__Instructions for the task__:
Without any of the pictures, transcribe all the lines below exactly.
+---+
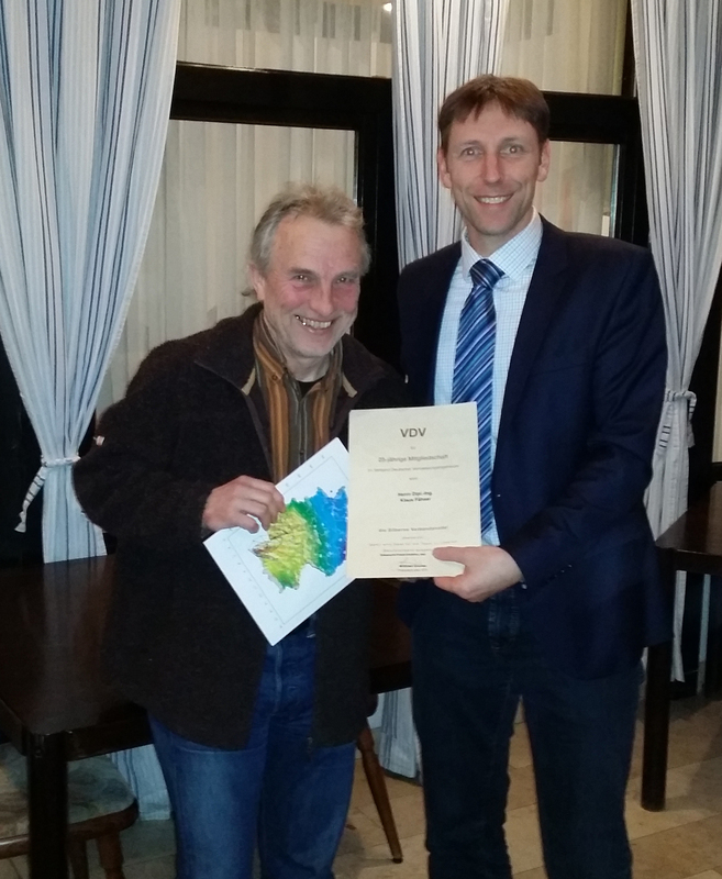 Da die Mitglieder, die an diesem Abend geehrt werden sollten, leider verhindert waren, wurde eine schon etwas länger zurückliegende Ehrung offiziell nachgeholt. Klaus Fähser wurde für seine 25-jährige Mitgliedschaft vom Landesvorsitzenden Ulf Meyer-Dietrich geehrt. Dieser bedankte sich bei Klaus Fähser besonders für die langjährige Mitarbeit in verschiedenen Vorstandsämtern des VDV-Bezirks Hagen.
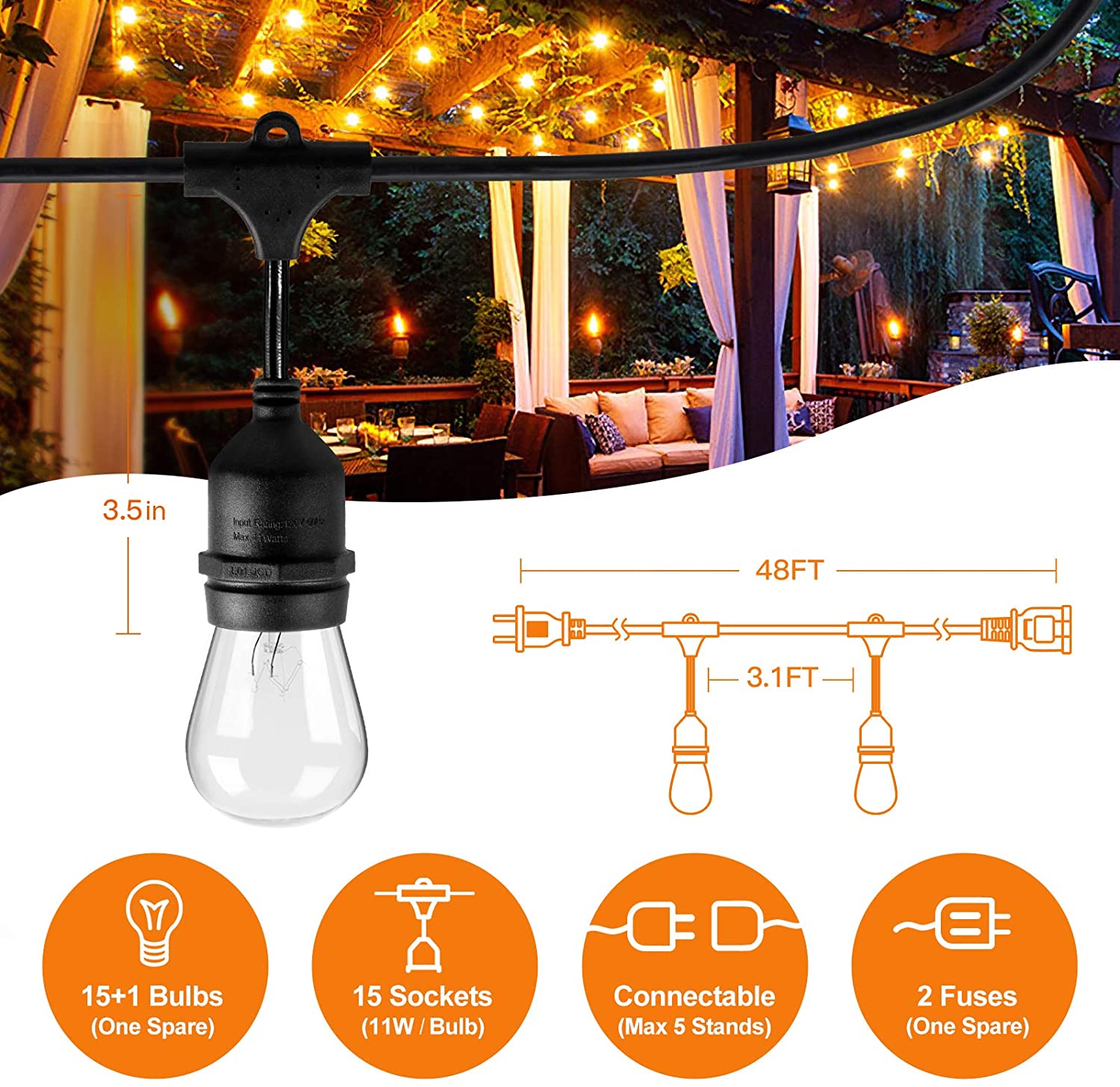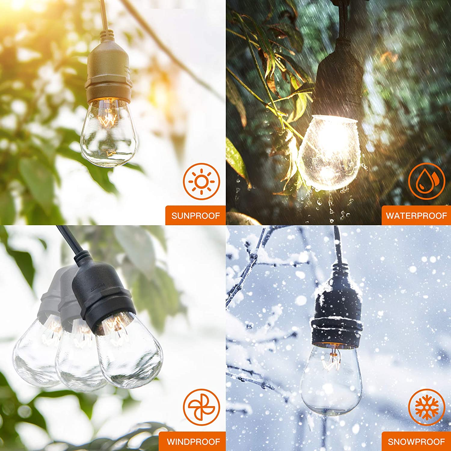 FUNCTIONAL USE: Our outdoor string garden lights are waterproof and long enough to not worry about length, the combination of bright incandescent light bulbs and soft rubber wires make our string lights have a wider and brighter glow. And the materials we use are safe and durable, which can protect the product from normal use in rainy or humid environments
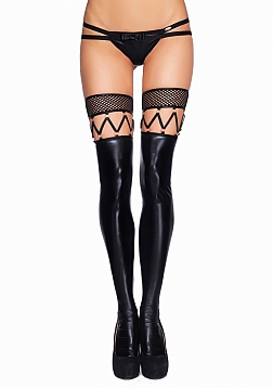 Absolutely stunning and original wetlook stockings with fishnet band at the top, straps and golden O-rings.
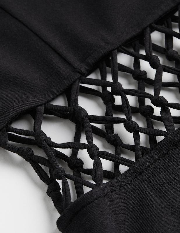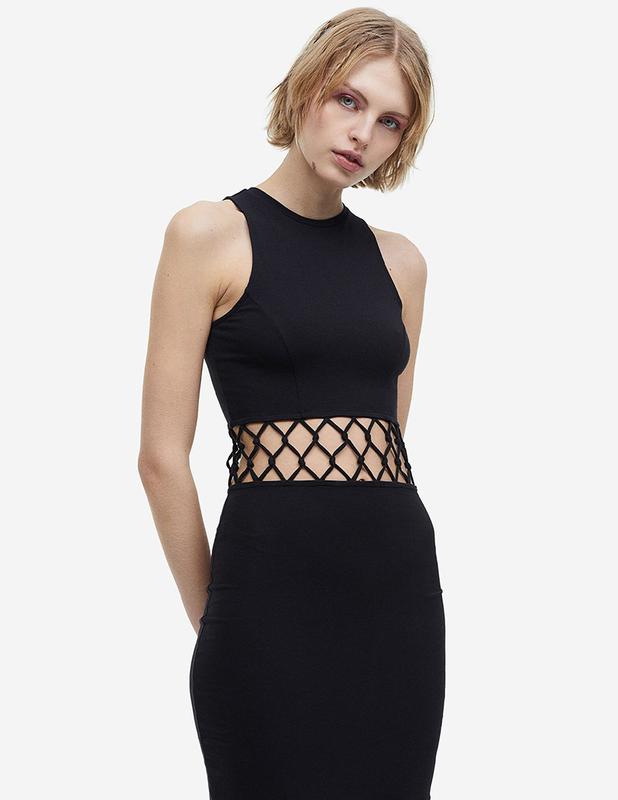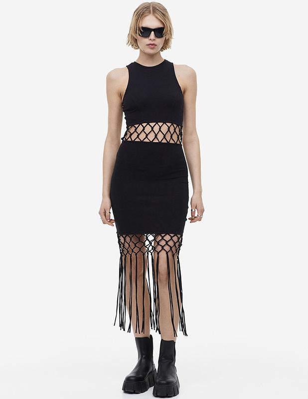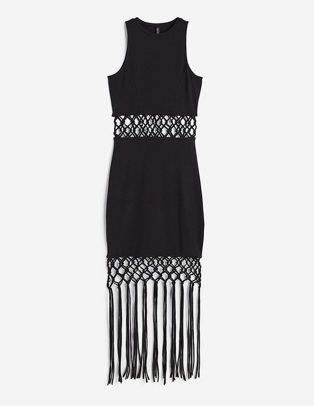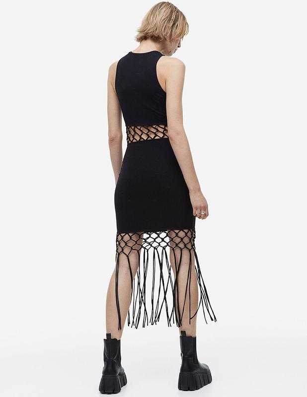 Платье без рукавов из нежного хлопкового трикотажа по фигуре. Круглый вырез горловины и вырез на талии. Декоративная тесьма вокруг выреза и внизу. Край платья обработан длинной бахромой
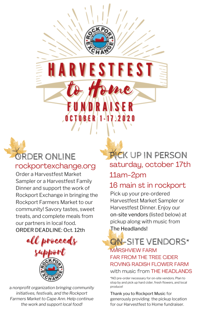 We’re trying to keep Rockport Exchange alive so we can continue to have the Rockport Farmers Market and bring back Harvestfest in 2021 and all the rest of the stuff our community nonprofit has done over the years. We are running a Harvestfest to Home Fundraiser with the idea that if you can’t come down to the wharf in Rockport for Harvestfest, you can pick up some local food and celebrate Harvestfest at home with friends and family!
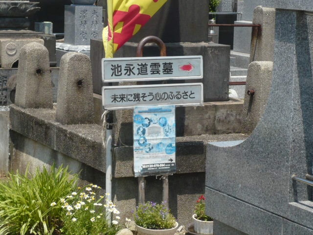 案内板がありますので、おおまかな場所は判りますが、数多くの墓の中で、果たしてどの墓が、池永道雲の墓なのかを、探すのが難しいです。
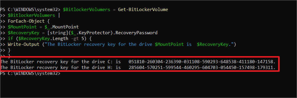Get-BitLockerVolume | ? {$_.KeyProtector.KeyProtectorType -eq RecoveryPassword} | Select-Object MountPoint,@{Label=’Key’;Expression={$($_.KeyProtector.RecoveryPassword)}}Copy
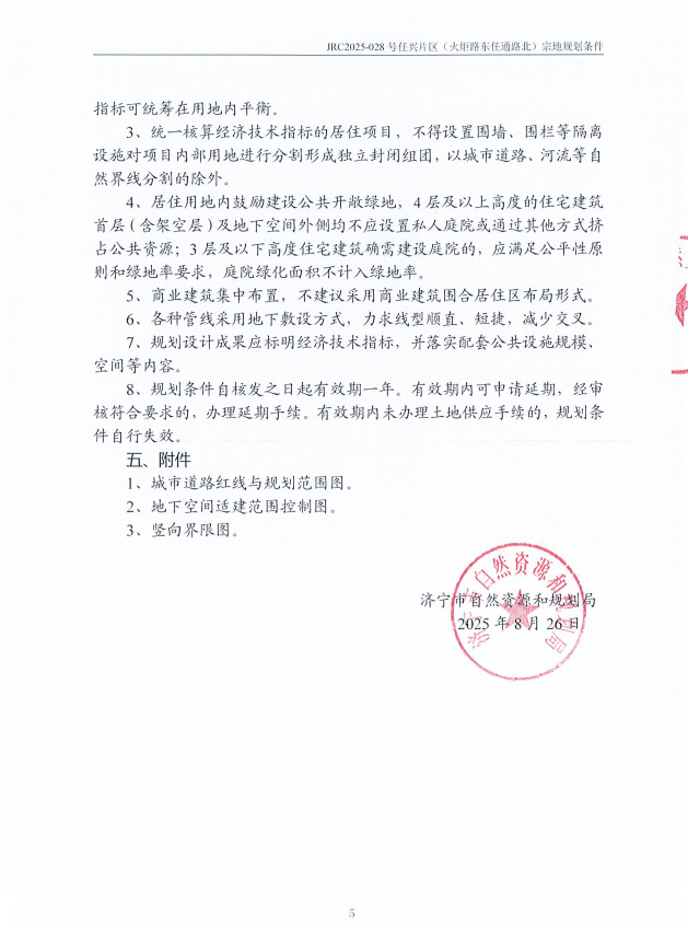 地块一:任城区JRC2025-028号任兴片区(火炬路东任通路北)地块【济宁济北新城城市建设发展有限公司竞得】
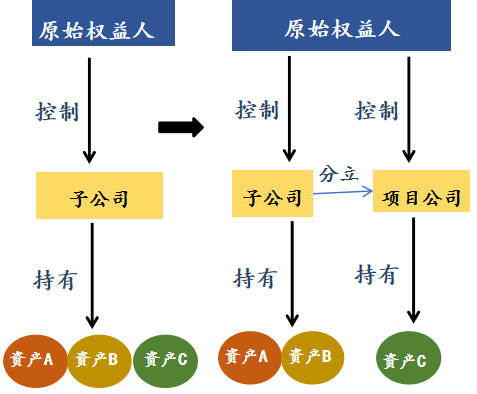 2. 公司存续分立:从原始权益人或其子公司中分立出项目公司,并将拟发行REITs的基础设施项目一并转移给项目公司,具体如下图所示:
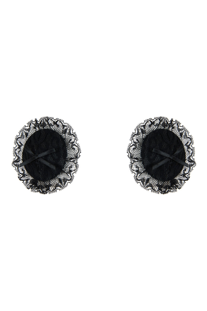 Наклейки на соски (пэстис) круглые, черного цвета, декорированы тонким нежным кружевом и миниатюрными черными бантиками. Наклейки многоразовые, изнутри пэстис пропитаны силиконовым гелем.
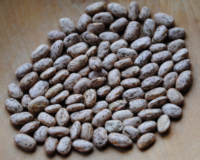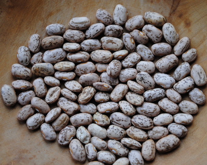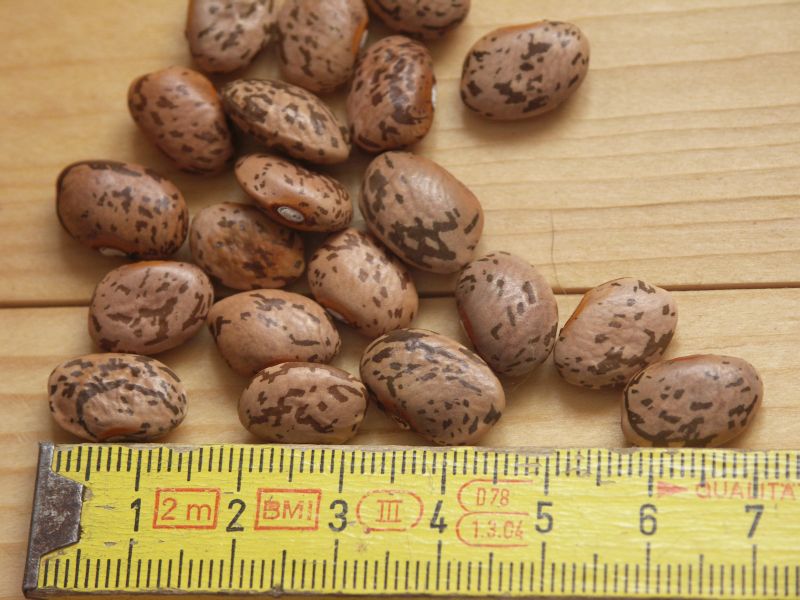 Diese Körner-Wachtelbohne aus Nordmexiko hat eine helle cremebraune Grundfarbe mit leichter bräunlicher Sprenkelung. Die Samen messen 13 x 5 mm und sind etwas dicklicher als 'Bewis Pinto' - ansonsten ähnlich.
+---+
__Completed exercise__:
 Da die Mitglieder, die an diesem Abend geehrt werden sollten, leider verhindert waren, wurde eine schon etwas länger zurückliegende Ehrung offiziell nachgeholt. Klaus Fähser wurde für seine 25-jährige Mitgliedschaft vom Landesvorsitzenden Ulf Meyer-Dietrich geehrt. Dieser bedankte sich bei Klaus Fähser besonders für die langjährige Mitarbeit in verschiedenen Vorstandsämtern des VDV-Bezirks Hagen.
 FUNCTIONAL USE: Our outdoor string garden lights are waterproof and long enough to not worry about length, the combination of bright incandescent light bulbs and soft rubber wires make our string lights have a wider and brighter glow. And the materials we use are safe and durable, which can protect the product from normal use in rainy or humid environments
 Absolutely stunning and original wetlook stockings with fishnet band at the top, straps and golden O-rings.
 Платье без рукавов из нежного хлопкового трикотажа по фигуре. Круглый вырез горловины и вырез на талии. Декоративная тесьма вокруг выреза и внизу. Край платья обработан длинной бахромой
 We’re trying to keep Rockport Exchange alive so we can continue to have the Rockport Farmers Market and bring back Harvestfest in 2021 and all the rest of the stuff our community nonprofit has done over the years. We are running a Harvestfest to Home Fundraiser with the idea that if you can’t come down to the wharf in Rockport for Harvestfest, you can pick up some local food and celebrate Harvestfest at home with friends and family!
 案内板がありますので、おおまかな場所は判りますが、数多くの墓の中で、果たしてどの墓が、池永道雲の墓なのかを、探すのが難しいです。
Get-BitLockerVolume | ? {$_.KeyProtector.KeyProtectorType -eq RecoveryPassword} | Select-Object MountPoint,@{Label=’Key’;Expression={$($_.KeyProtector.RecoveryPassword)}}Copy
 地块一:任城区JRC2025-028号任兴片区(火炬路东任通路北)地块【济宁济北新城城市建设发展有限公司竞得】
 2. 公司存续分立:从原始权益人或其子公司中分立出项目公司,并将拟发行REITs的基础设施项目一并转移给项目公司,具体如下图所示:
 Наклейки на соски (пэстис) круглые, черного цвета, декорированы тонким нежным кружевом и миниатюрными черными бантиками. Наклейки многоразовые, изнутри пэстис пропитаны силиконовым гелем.
 Diese Körner-Wachtelbohne aus Nordmexiko hat eine helle cremebraune Grundfarbe mit leichter bräunlicher Sprenkelung. Die Samen messen 13 x 5 mm und sind etwas dicklicher als 'Bewis Pinto' - ansonsten ähnlich.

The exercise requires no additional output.